O Reino Unido proibirá o acesso de menores de 16 anos às redes sociais, conforme anunciou o primeiro-ministro Keir Starmer nesta segunda-feira, 15. A medida se soma a iniciativas de outros países que já endureceram a legislação sobre o tema. Segundo Starmer, as redes sociais "deixam as crianças infelizes" e "facilitam o assédio e os abusos". O chefe do governo trabalhista classificou a decisão como "um passo importante" para o país.

A proibição abrangerá plataformas como Snapchat, TikTok, YouTube, Instagram, Facebook e X, mas não aplicativos de mensagens como WhatsApp e Signal. Starmer afirmou que espera aprovar a lei "antes do Natal" e que a restrição entre em vigor "no começo do próximo ano, provavelmente até a primavera" (entre março e junho de 2027, no hemisfério norte).

Contexto internacional

A Austrália, pioneira no assunto, e a Indonésia já implementaram proibições semelhantes. O Canadá anunciou na quinta-feira a intenção de fazer o mesmo, enquanto o Parlamento da Turquia aprovou em abril uma lei que impede menores de 15 anos de acessar redes sociais.
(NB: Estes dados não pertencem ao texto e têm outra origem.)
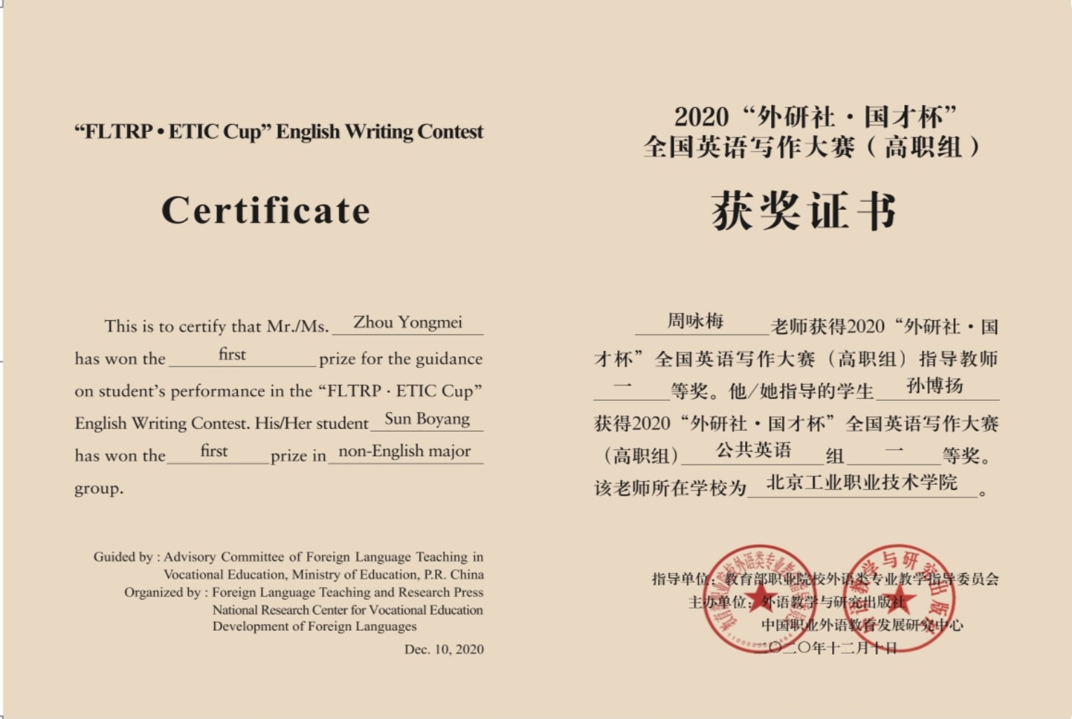 2020年12月10日,“外研社.國才杯”全國英語寫作大賽(高職組)成績出爐,來自全國28個省、市、自治區(qū)的122名選手參加競技,決出一等獎10名,二等獎30名,三等獎82名。我校機電1831班的孫博揚同學代表北京市參加了此次大賽,獲得一等獎,指導教師周詠梅老師獲得指導教師一等獎,實現(xiàn)了我校在該賽項上一等獎零的突破!

A França lidera uma campanha para adotar medidas conjuntas na União Europeia, com o apoio de Dinamarca, Grécia e Espanha; o Parlamento francês analisa um projeto de lei para menores de 15 anos.

Reação do YouTube

O YouTube reagiu imediatamente, advertindo que a proibição pode "empurrar as crianças para serviços anônimos e menos seguros", segundo declaração enviada à AFP. Um porta-voz da plataforma do Google afirmou: "Há mais de 10 anos, investimos em experiências adaptadas por idade, supervisionadas por especialistas, assim como em proteções por 'default' para adolescentes, e vamos continuar fazendo isso". O YouTube alega ser "um recurso essencial para os jovens, os professores e os pais".

Outras medidas previstas

Keir Starmer indicou que o governo adotará "medidas sem precedentes a nível mundial em relação às plataformas de jogos eletrônicos e de streaming, onde atualmente desconhecidos podem entrar em contato com qualquer menor de idade sem qualquer tipo de controle". O Reino Unido pretende impor um bloqueio de funções como a possibilidade de que um desconhecido se comunique com um menor de 16 anos, conforme comunicado oficial.
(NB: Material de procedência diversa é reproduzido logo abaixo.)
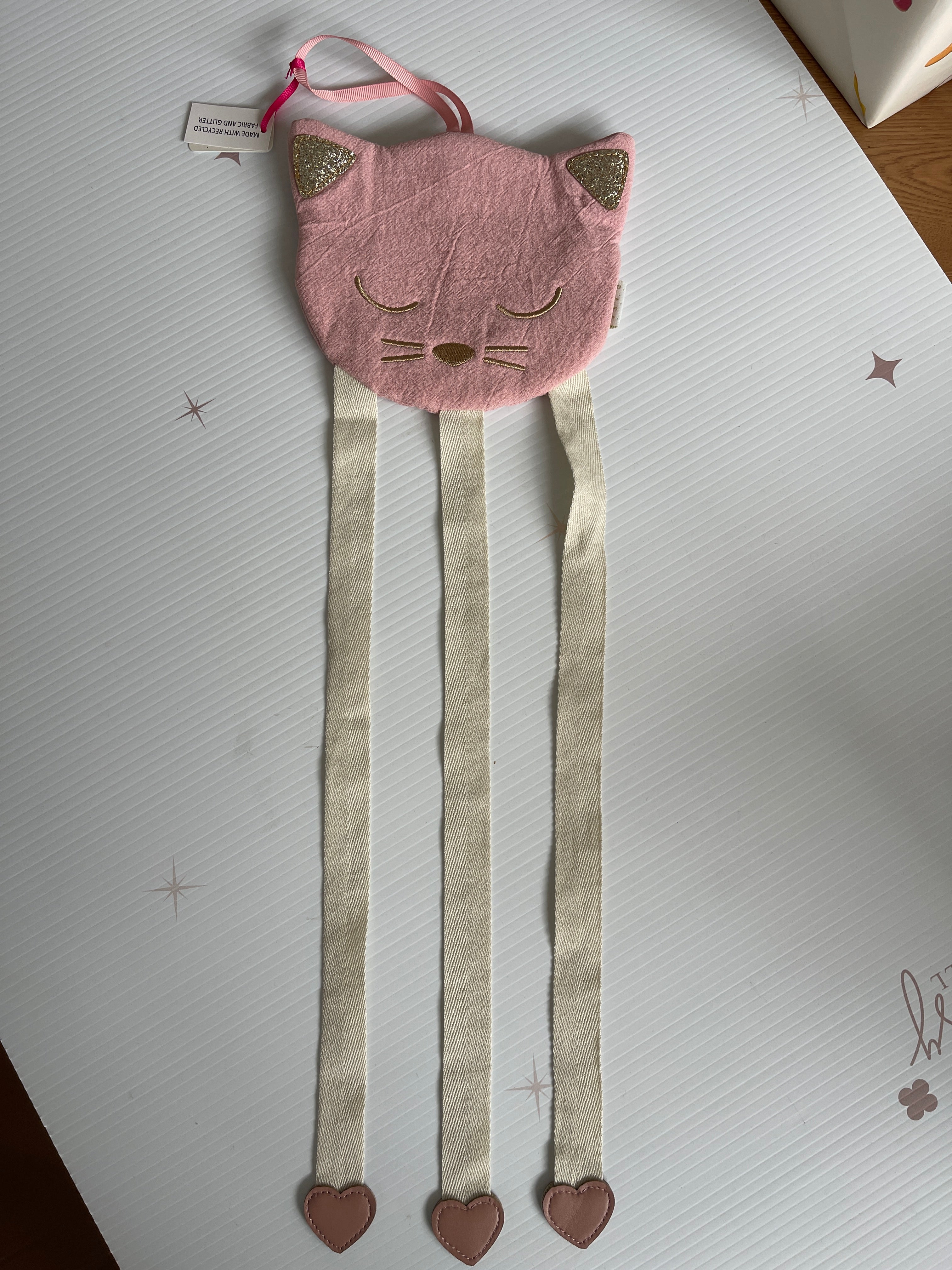 The perfect solution for keeping hair clips safely stored in one place! This clip hanger is made out of super soft dusky pink fabric and has a sweet face and glitter ears! With three hanging strips attached, our Clara cat hanger can fit around 39 clips (depending on clip size) and has additional storage space as Clara is also a hidden pouch!

O governo britânico também "estudará a implementação de toques de recolher noturnos e de pausas nas funções de rolagem automática de conteúdos para menores de 18 anos". Menores não poderão utilizar chatbots baseados em inteligência artificial projetados para simular relações sexuais ou jogos de interpretação de papéis.

Consulta nacional e apoio parental

A proibição foi anunciada após uma consulta nacional que recebeu quase 116 mil contribuições. Entre os pais que responderam, 91% declararam apoiar a proibição das plataformas para menores de 16 anos.

Além disso, em 8 de junho, o governo britânico pediu a gigantes do setor de tecnologia, como Apple e Google, que implementem, em um prazo de três meses, ferramentas que bloqueiem o envio e o recebimento de imagens sexualmente explícitas por parte de menores.